Configuring Cloudera Octopai Connector for Apache Spark

Learn about installing and configuring the Spline-based Cloudera Octopai Data Lineage Connector for Apache Spark to capture automated metadata lineage.

License requirement: Ensure Spark is included in your Cloudera Octopai subscription before proceeding.

Figure 1. Cloudera Octopai Connector architecture overview

Supported capabilities

The connector captures lineage in the following scenarios:

Spline agent lineage – Lineage capture is limited to what the Spline agent can parse from Spark SQL execution plans.
Active jobs – Only running or newly executed jobs are collected.
Persistent actions – Read and write operations that touch persistent storage (tables or files) are recorded.
Cluster configuration – Spark must be configured with the Spline properties in spark-defaults.conf.
Explicit application name – For job names to appear, jobs must define the application name explicitly:
```
spark = SparkSession.builder \
    .appName("Spark UDF Example") \
    .getOrCreate()
```
Customer-managed environments – Spark clusters are deployed and managed within the customer environment.

Limitations

The following constraints apply to the connector:

Successful jobs only – Lineage is generated for jobs that finish without errors.
Persistent storage focus – Operations that remain in-memory are excluded from lineage capture.
Named jobs required – Jobs without an explicit name produce lineage records without a meaningful identifier.
Kerberos support – Kerberos and delegation tokens are not yet supported; use basic authentication when sending lineage to the Spline server.
Spline parsing scope – Only Spark operations that Spline supports will appear in lineage.
Streaming jobs – Spark Structured Streaming workloads (for example, Kafka flows) are not captured.
Partial execution – Only code paths that are executed (for example, a conditional branch that runs) appear in lineage.
User-defined functions – UDF logic is not parsed, although their invocation appears in the execution plan.

Before starting the installation, ensure the following:

A running Spark Cluster (Spark 2.x or 3.x)
Access to HDFS for storing lineage files
Cloudera Manager or similar access to configure Spark cluster properties
Access permissions to upload JAR files to HDFS and edit Spark configurations

Clone the Cloudera Octopai customized Spline Agent.

Clone the repository from the Cloudera Octopai customized branch:

git clone https://github.com/OCTOPAILTD/spline-spark-agent.git
cd spline-spark-agent
git checkout OCT-27187_Enable_writing_to_files

Build the Spline Agent bundle.
Choose the relevant folder according to your Spark version and navigate to it.

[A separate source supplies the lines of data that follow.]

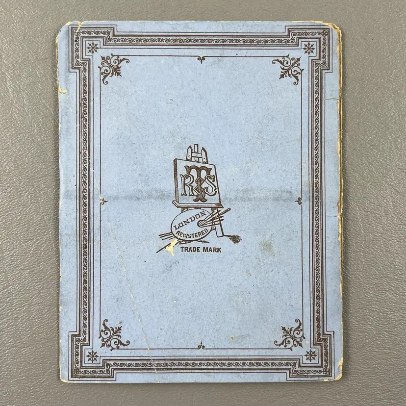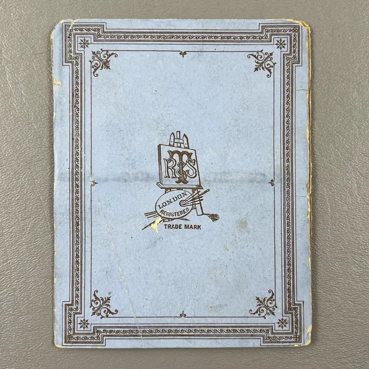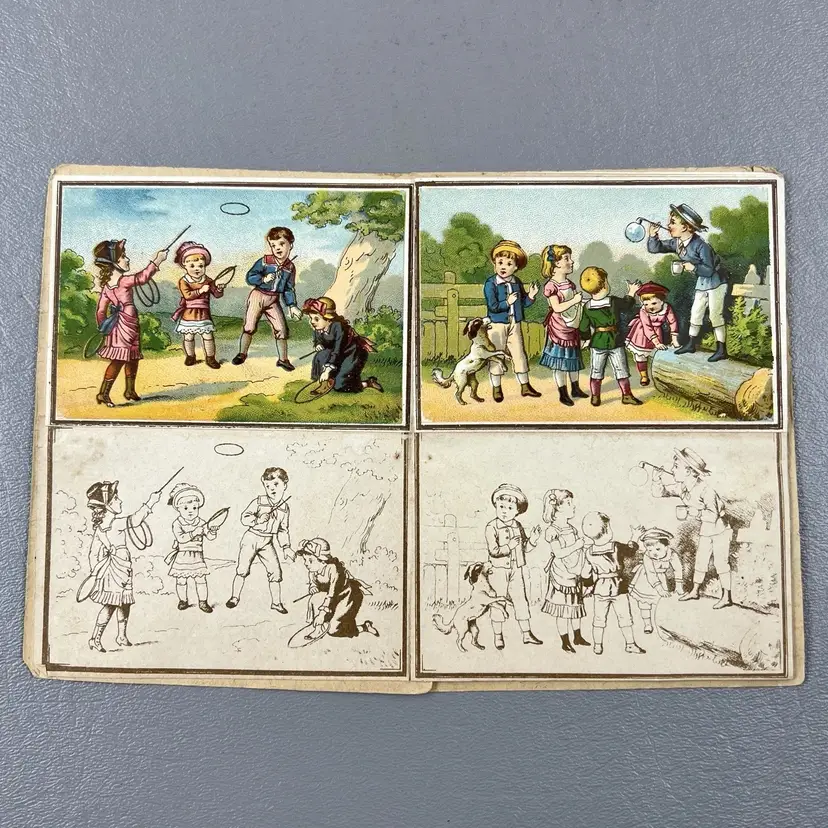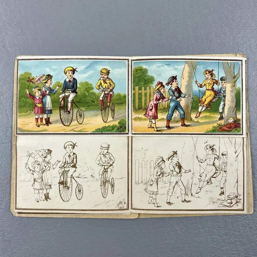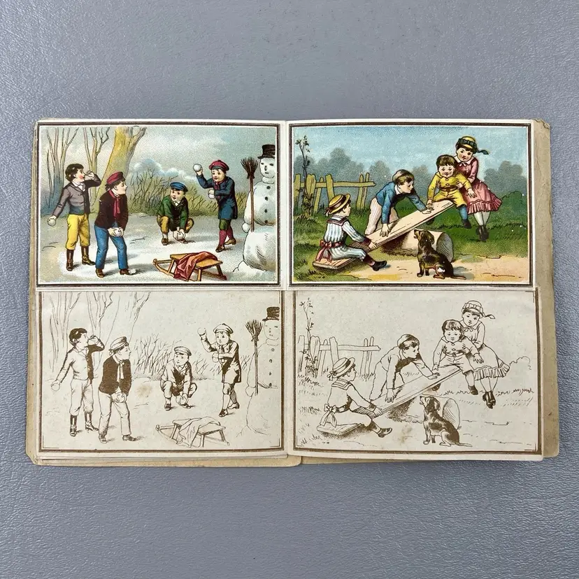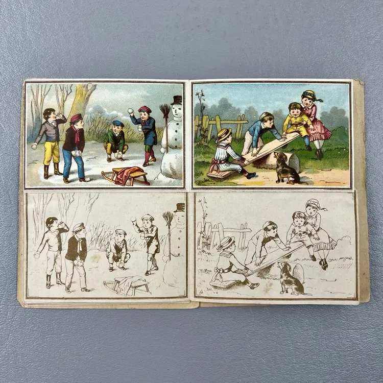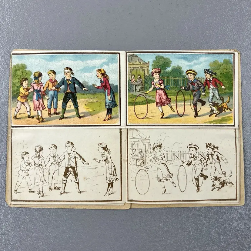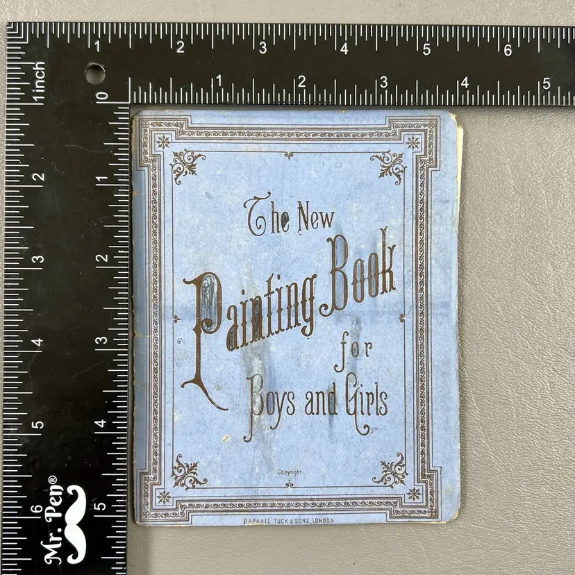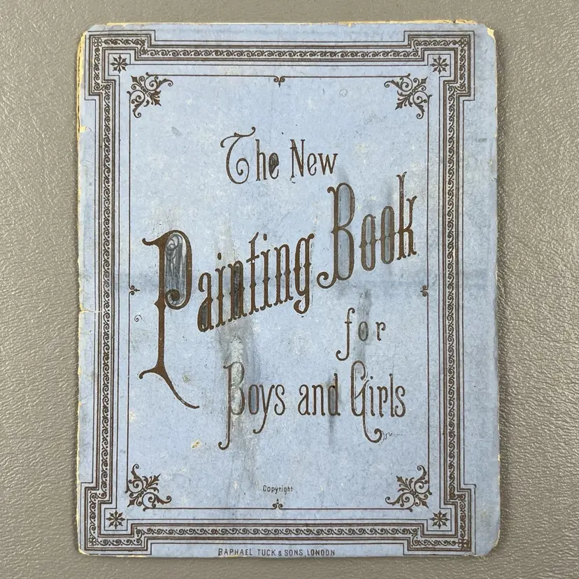 Painting book entitled The New Painting Book for Boys and Girls, published by Raphael Tuck & Sons, London, ca. 1910. The book is bound in blue paper covers.. It comprises a single, long sheet of chromolithograph images and outline images for coloring. The single sheet is mounted to the inside front cover only and is accordion-folded to create 8 pages of images. The chromolithograph sample images are along the top row, and the outline images are beneath them, forming the bottom row. The images are of children playing; none are signed or dated.
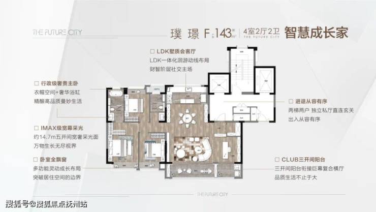 再看看建面约143㎡的洋房户型,则又让整个空间尺度有了更大的提升,采用了四房设计,增加户型的实用性。
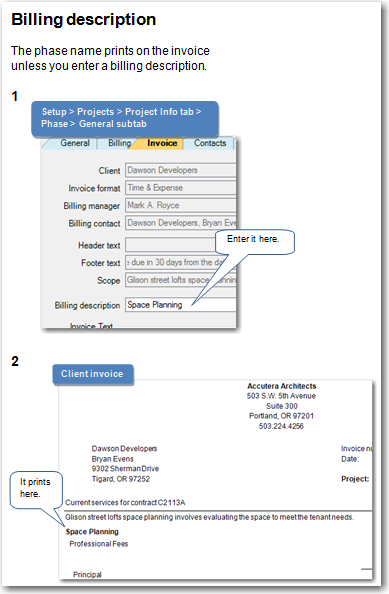 It automatically contains the name of the phase unless you change it. In the Print Project box on the Invoice Summary, Fee Type, and Time & Expense tabs of the Invoice Format window, you can choose to print the billing description in bold or uppercase, and to include the phase ID.
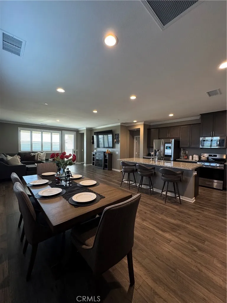 *****PAID SOLAR SYSTEM**** Welcome to this spectacular single-story family home inside the highly sought-after Olivewood gated community. From the moment you step inside, you are greeted by an open floor plan with soaring ceilings, elegant crown molding, and shutters throughout the entire home. This residence offers three spacious bedrooms and two and a half bathrooms, designed for both comfort and style. The home is thoughtfully equipped with premium features including a paid-off solar system, a whole-home water softening system, a tankless water heater, and rain gutters. The extended driveway provides ample parking space, while the desirable backyard offers a partially landscaped setting with plenty of potential to create your dream outdoor retreat. Sitting on a premium corner lot at the end of a cul-de-sac, this home offers both privacy and curb appeal. Conveniently located between the 10 and 60 freeways, commuting is effortless. The Olivewood community elevates the lifestyle with two resort-style pools, a beautifully designed clubhouse, fire pits, parks, scenic walking trails, and sports courts for both basketball and volleyball. This home blends luxury, functionality, and location into one exceptional opportunity. Dont miss the chance to make this your future home. Schedule your private tour today!
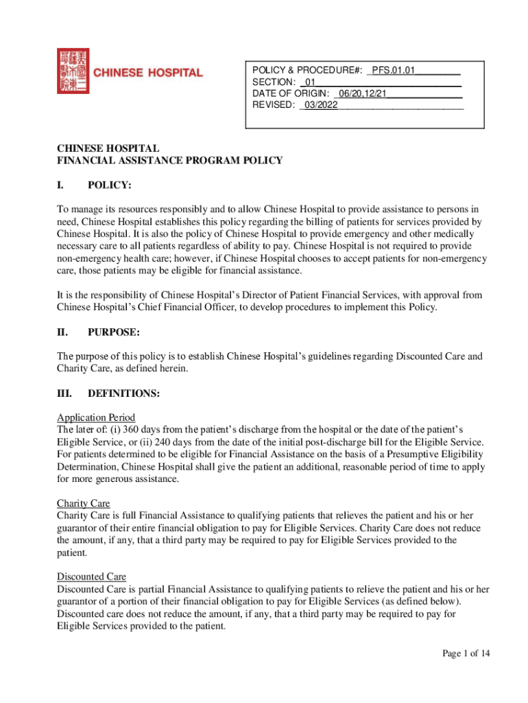 Get the free Chinese Hospital Financial Assistance Program Policy
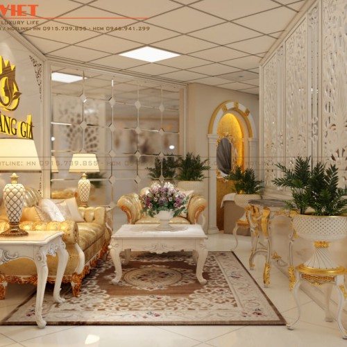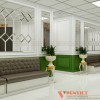 Penviet cũng giúp chủ đầu tư tăng cường nhận diện thương hiệu với thiết kế vách óp sau quầy lễ tân. Được làm từ khung gỗ sồi sơn Inchem, ốp PVC vân đá tạo độ bóng, không chỉ làm toát lên vẻ đẹp sang trọng, đẳng cấp cho không gian mà còn làm nổi bật logo và tên tổ hợp dịch vụ bằng Alu vàng gương cắt CNC, chân Formex. Những chi tiết phào chỉ trang trí quanh vách và việc lựa chọn vật liệu, họa tiết đều góp phần làm toát lên tinh thần của mẫu thiết kế nội thất spa, thiết kế nội thất phòng khám phong cách Tân Cổ Điển.
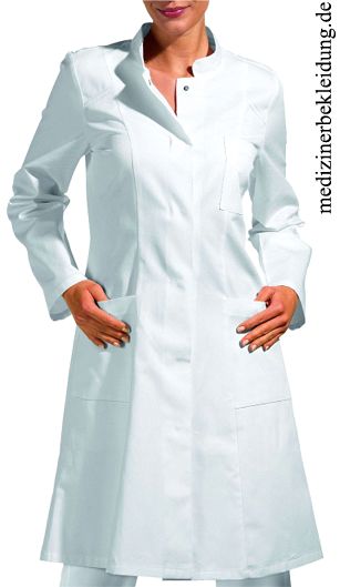 Ca. 200 g/m², 95° waschbar, Leiber Arztkittel Damen weiß mit Stehkragen, 2 Seitentaschen, 1 Brusttasche, verdeckte Druckknopfleiste, Gehschlitz, Rückenlänge bei Gr. S ca. 98 cm, Gr. XS-3XL
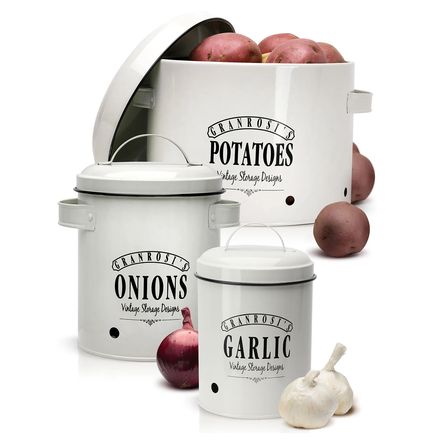 Die Georgia Vintage-Vorratsbehälter verleihen deiner Küche das gewisse Etwas und sind eine Bereicherung für jeden Haushalt: Bestehend aus insgesamt 3 x Klarstein Vorratsdosen für Knoblauch (12 x 18 cm (ØxH)), Zwiebeln (17 x 22,5 x 14 cm (BxHxT)) und Kartoffeln (27 x 21 x 23,5 cm (BxHxT)).

The Jar is shipped with the Cloudera Octopai Agent and the user needs to upload the correct jar according to its spark version.

For example, for Spark 3.5:
```
PS C:\GIT\spline-spark-agent\bundle-3.5> mvn clean package
```
After the build, you will find the Spline Agent JAR file under:
```
bundle-3.5/target/spark-3.5-spline-agent-bundle_2.12-2.2.1.jar
```
Upload the JAR to HDFS.
Upload the built Spline Agent JAR file to your HDFS /tmp folder:
```
hdfs dfs -put spark-3.5-spline-agent-bundle_2.12-2.2.1.jar /tmp/
```

Configure Spark defaults.

Add the following properties to your Spark cluster configuration (spark-defaults.conf) through Cloudera Manager or equivalent:

spark.jars=hdfs:///tmp/spark-3.5-spline-agent-bundle_2.12-2.2.1.jar
spark.sql.queryExecutionListeners=za.co.absa.spline.harvester.listener.SplineQueryExecutionListener
spark.spline.mode=ENABLED
spark.spline.lineageDispatcher=hdfs
spark.spline.lineageDispatcher.hdfs.className=za.co.absa.spline.harvester.dispatcher.HDFSLineageDispatcher
spark.spline.lineageDispatcher.hdfs.directory=hdfs:///tmp/spline
spark.driver.memory=4g

Figure 2. Sample Spark defaults configuration

Create the HDFS lineage directory.
Create the directory where lineage files will be written and set permissions:
```
hdfs dfs -mkdir /tmp/spline
hdfs dfs -chown hive /tmp/spline
```
Figure 3. HDFS directory creation example
Set permissions.

Ensure the user running the Spark jobs has permission to write lineage files to /tmp/spline.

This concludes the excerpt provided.